We are definitely getting a havanese this winter, but I need some input on two breeders. Has anyone ever used Rave'n Havanese out of Homer Ne or Happy Trails Havanese. both are AKC registered and seem very reputable, but I just need some input on a very important decision.


Thanks


----------



## Julie Palmer (Dec 2, 2010)

Hello, I don't have extensive information on those breeders, but I have seen and heard from my friends that show havanese about Marlene's dogs.

Are you only looking at these two breeders? A good friend of mine who has taught me everything I know about havanese recently had a litter sired by a top dog in the nation. I am not sure if she has any available, but since you are looking to obtain a puppy this winter; I could put you in touch with her, as she is a real good resource. I am also willing to help you, as I know about how scary the decision is; ask me and I will answer from what I know. I live in the Wichita area (and my friend does too).


----------



## Julie (Feb 8, 2007)

I know of Happy Trails. Marlene was someone I considered for a puppy before getting my Quincy. I did not buy from Marlene because she did not have the exact dog I was looking for. She (according to her website) health tests,but seems to have alot of puppies available all the time. I'm not sure why that is....but I would defintely talk with her and ask to see the health testing that was done and also I would question her about the puppies she always seems to have available.

The other breeder you asked about,I do not know and have not heard of. 

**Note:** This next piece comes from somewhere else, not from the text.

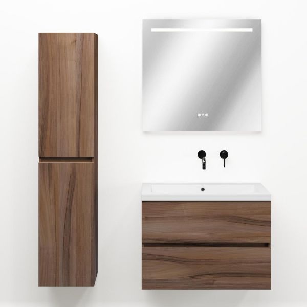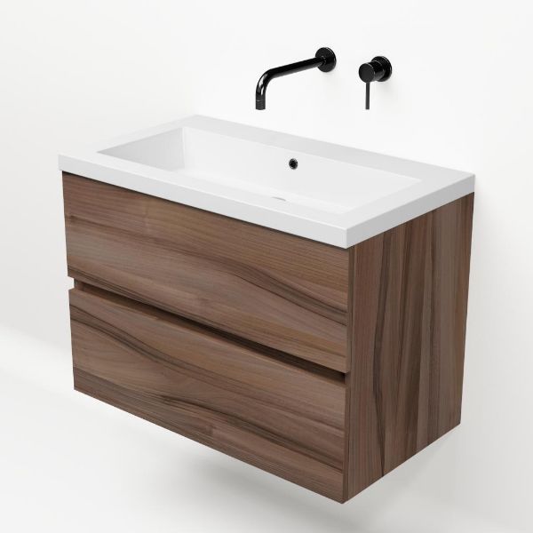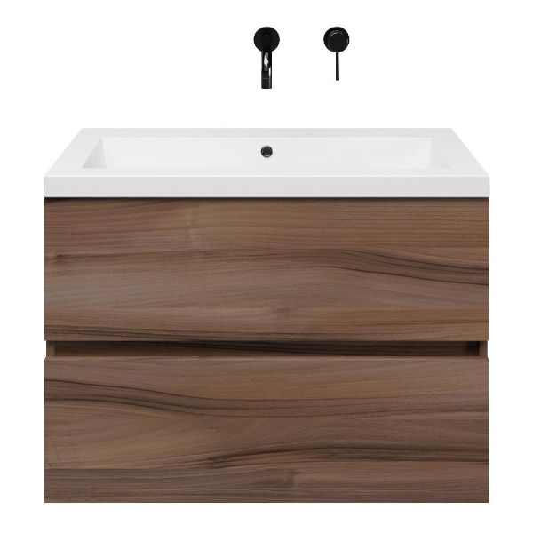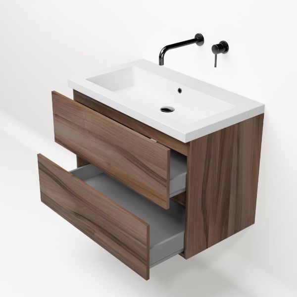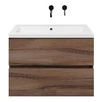 | | TrisLine Eliza/Esta badmeubel 80x46 2 softclose laden robuust noten greeploos polystone wastafel wit zonder kraangat |

Just as a warning----BE VERY CAREFUL-----Nebraska and Kansas seem to have alot of puppy mills and you certainly do not want to fall into one of these "messes".


----------



## KandLKidz (Dec 7, 2010)

I'm a breeder in Iowa. I haven't heard of RavN but have heard of Happy Trails. You want to be sure that all health testing has been done on parents. You want to check the living conditions of the dogs that she has. How well the mom was taken care of and puppies. 

Is the breeder a show person, still shows dogs regularly, member of Havanese clubs, etc.

How often does she breed her females. A female that is bred every six months is not good. Mom doesn't have time to recover the pregnancy.

There are many good websites that have information on finding the right breeder. Do some research before you buy.

Be careful, their are alot of puppy mills in this area.

Hope this helps,

Linda


----------



## Beanie (Aug 30, 2009)

Marlene sent me all health records for my pup Beanie; she is responsible and reputable. Her daughter Christie also is a breeder and they share the same website; I really don't think they qualify as a puppymill. If you are in doubt, go see for yourself. Remember it's always possible to obtain an inferior dog from a so called reputable breeder as my friend seems to have done when she paid $2000 for her dog who has now developed chondrodysplasia, is lacking teeth and looks more like a jackrabbit than a Havanese. I agree, always do thorough research and speak with and visit the breeder before buying.


----------



## rlewis (Sep 20, 2011)

My little guy Kobe is from Raven Havanese in Homer. He is a 10 month old Chocolate and has been the best dog. I have recommened them to friends. My experience with Sherry was outstanding. I definitely would get another from her. Now, he is just a pet for me. I didn't check out bloodlines or anything like that. Picked him purely on personality!!


----------